# Does anyone know how to tell if the new MSI B550 mobo's are 50A or 60A power stages?



## Space Lynx (Jun 8, 2020)

basically all the MSI b550 mobo's are up for pre-order and their MSI official pages are listed. I am leaning towards the Tomahawk it 100% has 60 amp power stages listed on its product page, however, when I look on the other B550 product pages I can't find out for sure.  Anyone know how to check the others? The MSI B550 A-Pro is $40 cheaper than the Tomahawk, but has the same 10+2 phases, so does that mean it uses the same 60 amp power stages?


----------



## oxrufiioxo (Jun 8, 2020)

Looking at the picture its using shitty separate high and low side mosfets on the A pro. Also looking at the memory support I'm guessing the PCB of the Tomahawk is much better or at the very least it has much better memory traces.


I could be wrong but going by the verbage both are actually 5 phase vcore vrm with 2 power stages in each phase.


Untill we get pcb breakdowns Its going to be hard to know how the vrms are set up on these boards

I know the strix e is most likely a 6 phase with 2 50amp power stages in each phase and the aorus master is a true 16 phase with 70 amp power stages but with most other boards we will have to wait for buildzoid to get a hold of them.


----------



## Space Lynx (Jun 8, 2020)

oxrufiioxo said:


> Looking at the picture its using shitty separate high and low side mosfets on the A pro. Also looking at the memory support I'm guessing the PCB of the Tomahawk is much better or at the very least it has much better memory traces.
> 
> 
> I could be wrong but going by the verbage both are actually 5 phase vcore vrm with 2 power stages in each phase.
> ...



the tomahawk product page says the b550 tomahawk is 6 layer PCB, and 60 AMP,  but the b550 A-Pro, while being same 10+2 phase says neither of those things. so my guess is the tomahawk is worth the extra $40, since it has that plus all the other bonus stuff like an actual high end 20 gps type c, pre-installed IO shield...

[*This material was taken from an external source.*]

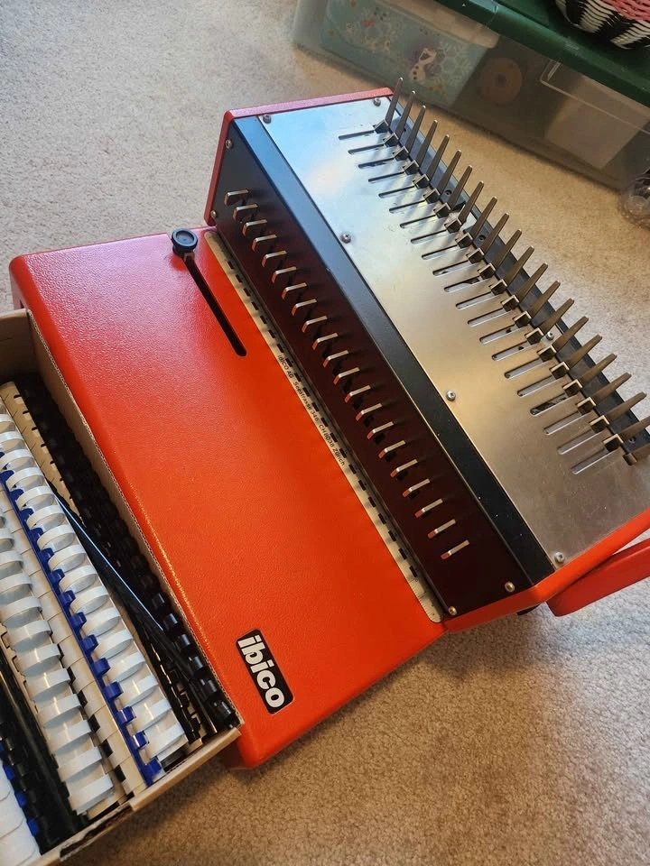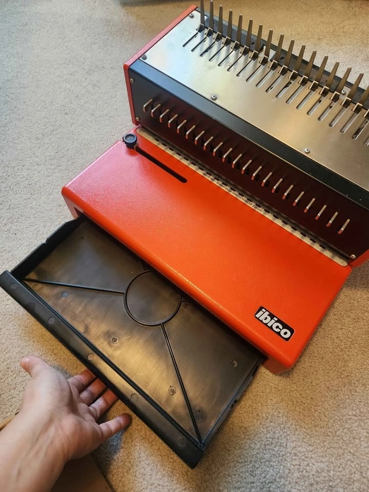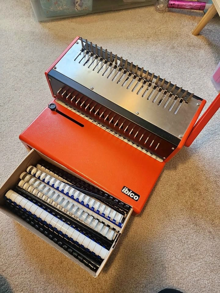 Professional-grade Ibico comb binding machine in excellent working condition. This is a solid, heavy-duty metal unit built for durability and precision—much more reliable than modern plastic versions. Perfect for creating professional presentations, reports, manuals, or school projects. Key Features: Heavy-Duty Construction: Solid metal body for stability and long-term use. Manual Punch & Bind: Easy-to-use handle for effortless punching and comb opening. Adjustable Margins: Includes a paper guide to ensure consistent hole alignment for various document sizes. Bonus Included: Comes with a box containing various sizes of black and white plastic binding spines so you can start organizing right away. Condition: used. Location: Grandview swimming pool. Everything has been well-maintained and works perfectly. Great for a home office, small business, or classroom setting.

I only wish it had wifi instead of dual-LAN, seriously I will never understand these companies... probably like 0.001% of people use dual LAN... and it costs $20 to add that on to a board according to buildzoid.  would have much rather had wifi. meh


----------



## oxrufiioxo (Jun 8, 2020)

This is the diagram for the Tomahawk where its obviously power stages




This is the A pro where is obviously budget separate high and low side mosfets



Like you say the Tomahawk seems to be a 6 layer pcb vs a 4 layer for the A pro as well.



After MSI huge fail with their budget boards on X570 I would wait for Hardwareunboxed to do vrm testing before buying any of these. I doubt MSI would make the same mistake twice but you never know.


----------



## Space Lynx (Jun 8, 2020)

Yeah, I saw those pictures too, but I am not versed enough to make that difference, thank you for explaining it. Honestly, if the B550 Tomahawk has 60 amp power stages, that will be same as the x570 tomahawk... and honestly I only need 1x pci gen 4 lane for big navi in september, i have no need for for the bells and whistles of x570 otherwise. i'll never own more than 1 m.2 so im safe there too so meh.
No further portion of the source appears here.